Przed nami ciepła i wilgotna zima - podobno. Poczekamy, zobaczymy

fot.freeimages.pl
fot.freeimages.pl

Na szczegółowe prognozy na zimę jest jeszcze za wcześnie, jednak ze wstępnych danych brytyjskiej oraz amerykańskiej służby meteorologicznej - MetOffice i NOAA - wynika, że będzie dość ciepło i wilgotno. Poczekamy, zobaczymy.

Z opublikowanych przed ekspertów map wynika, że - co najmniej - od listopada do lutego będzie utrzymywać się dodatnia faza NAO - informuje serwis tvnmeteo.tvn24.pl.

NAO - to Oscylacja Północnoatlantycka, czyli zjawisko, które zachodzi na północnej części Atlantyku i wpływa na pogodę m.in. Europy oraz Ameryki Północnej.

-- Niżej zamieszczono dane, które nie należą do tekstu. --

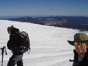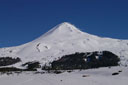 notes: l'avantage des voyages c'est qu'on fait souvent des rencontres ... Nous avons rencontré Sam et Fred (deux anglais de Londres) il y a 4 jours à l'Antuco (eux venaient de le terminer, nous devions le faire le lendemain). Et par le plus grand des hasards, nous nous sommes retrouvés à la Suizandina ! Nous avons décidé de faire une sortie ensemble et pas n'importe laquelle : le Llaima et ses 2100m de dénivelée ! Malheureusement Fred n'a pas eu le courage de se lever, nous sommes donc partis à 3 dans le pickup rouge, Sam l'anglais au volant, conduite à gauche ... Au bout d'une petite heure de piste, nous sommes enfin au pied de ce volcan, qui est tout bonnement ... magnifique ! De la fumée s'échappe de son sommet, les araucarias posés à ses pieds ne sont qu'une invitation à skier ce volcan. Le début se passe sur de la neige de printemps bien regelée durant la nuit, mais vers 2200m, les premières congères apparaissent, la neige est glacée et le soleil omniprésent la transforme presque en mirroir. J'insiste en couteaux alors que Sam et Lilian mettent déjà les crampons. Je me retrouve marcheur comme eux vers 2500m, au pied de l'arête : c'est parti pour 600m de crampons ! La montée est très ambiance entre le vent qui souffle fort, la glace bleue croisée ci et là et les parcelles de pierres volcaniques fumantes ! Victime de crampes, Lilian abandonne 350m sous le sommet. Nous nous retrouvons Sam et moi pour les derniers mètres sous un vent de plus en plus fort. A 14h10, après 6h de montée, nous atteignons enfin le sommet ! Une épaisse fumée s'échappe du volcan. Nous sommes donc obligés d'attendre quelques trouées dans cette fumée pour pouvoir apercevoir le Villarica au loin. 15 min après avoir atteint le sommet, nous descendons, d'abord en crampons puis 500m plus bas en ski sur une neige qui ressemble à de la glace. Après 400m de descente en équilibre précaire, nous trouvons enfin de la bonne neige de printemps pour les 1200m restant qui s'avère être un pur régal ! Ce n'est que vers 16h que nous arrivons enfin à la voiture. Mais la journée n'est malheureusement pas encore finie : la neige du matin étant devenue soupe, nous embourbons le pickup ! et ce n'est qu'au bout d'1h de coups de pelles et de coups de crick que nous nous en sortons ...

O fazie dodatniej NAO mówi się, gdy wyż azorski jest silniej niż zazwyczaj rozbudowany, a niż islandzki się pogłębia. Wówczas różnica ciśnień między tymi dwoma ośrodkami barycznymi staje się większa niż zazwyczaj. I wtedy zimą do Europy dociera wtedy więcej wilgotnego i cieplejszego powietrza z zachodu.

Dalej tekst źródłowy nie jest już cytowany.